The study aimed to demonstrate the dangers of viruses spreading in areas with a high density of people. The airport seemed to be the perfect place for this, as many people from many different backgrounds cross each others paths. During the study, research was conducted at Helsinki‘s Vantaa airport. Interestingly, the most common viruses found were respiratory viruses such as influenza. None of these viruses were found on toilet seats however.
A virology expert, Niina Ikonen, told a press release:
The presence of microbes in the environment of an airport has not been investigated previously. The new findings support preparedness planning for controlling the spread of serious infectious diseases in airports. The results also provide new ideas for technical improvements in airport design and refurbishment.

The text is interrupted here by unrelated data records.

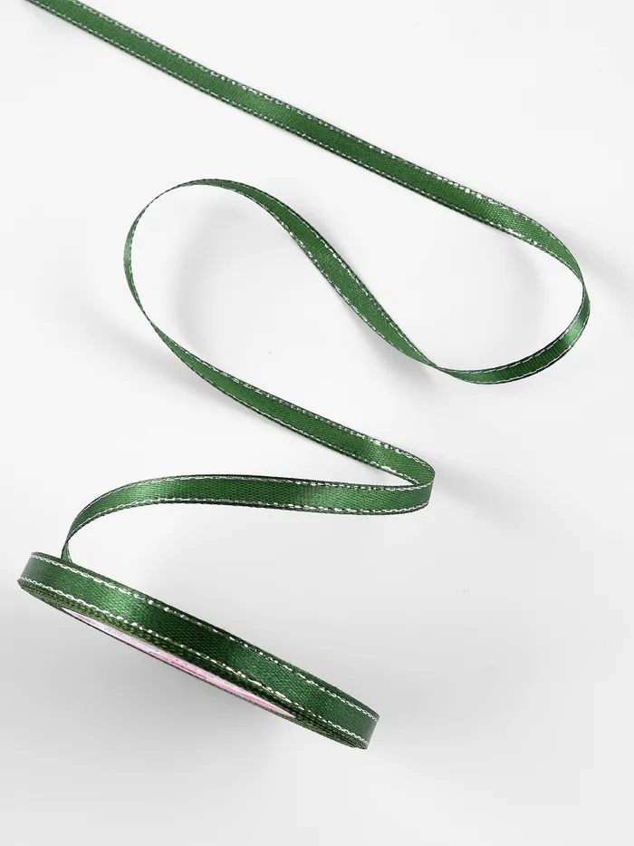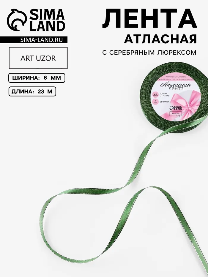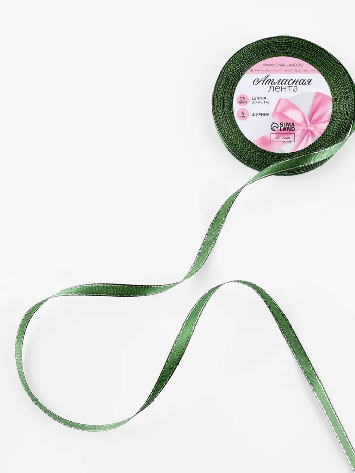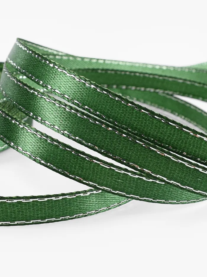 Лента атласная, с серебряным люрексом, 6 мм, 23±1 м, зелёная №049 — Характеристики
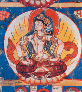 6] In the Mahavairocana sutra Vairocana is associated with the lion as his vahana, "vehicle" or "mount", to signify his conflation with Shakyamuni, the historic Buddha, and he is the central figure between Avalokiteshvara of the lotus family and Vajrapani of the vajra family. In later esoteric Buddhist texts which gained great popularity in the Guge kingdom during the 11th century revival of Buddhist teachings promoted by Yeshe Od, Vairocana Buddha, literally the "Resplendent" one is the Buddha who is positioned as the central Buddha of the Five Buddha families. [
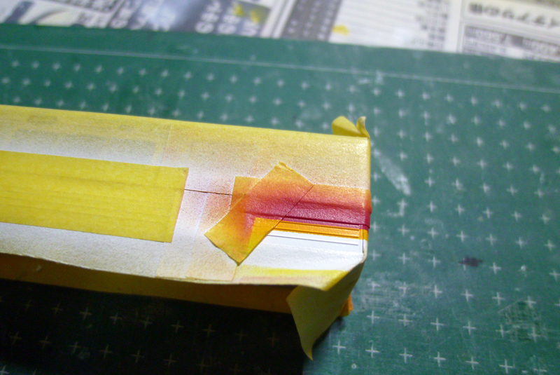 マスキングは剥がさずに有効活用、帯部分だけを残してさらにマスキングを追加します。

The release goes on to add “The results provided by this method do not prove that the viruses found on surfaces and air are alive and cause disease, but previous experimental research has proven that many microbes survive on various surface materials up to several days.” While the viruses on these containers could be dangerous, they may not have the ability to harm.
Should I Be Worried?
My short answer would be “No”. Many millions of people pass through airport security checkpoint without issue each day. It would appear that common sense would prevail. Toilets are dirty, so you wash your hand after using them. The same principle applies here. Use common sense while handling trays, and if you are worried, give your hands a wash afterwards. You are unlikely to run into any serious health issues traversing airport security.
Where Else Should I Watch Out?
According to the study, the other airport hot spots to watch out for are:
- Shop payment terminals;
- Staircase rails;
- Passport inspection counters;
- In the air;
- & children’s play areas.
You could always carry a bottle of hand sanitiser (less than 100ml), or wet wipes if you are really concerned about the viruses present in an airport. In fact, I once witnessed a passenger wipe every inch of their seat before sitting down. While this may seem a bit over the top, giving your hands a quick wash isn’t.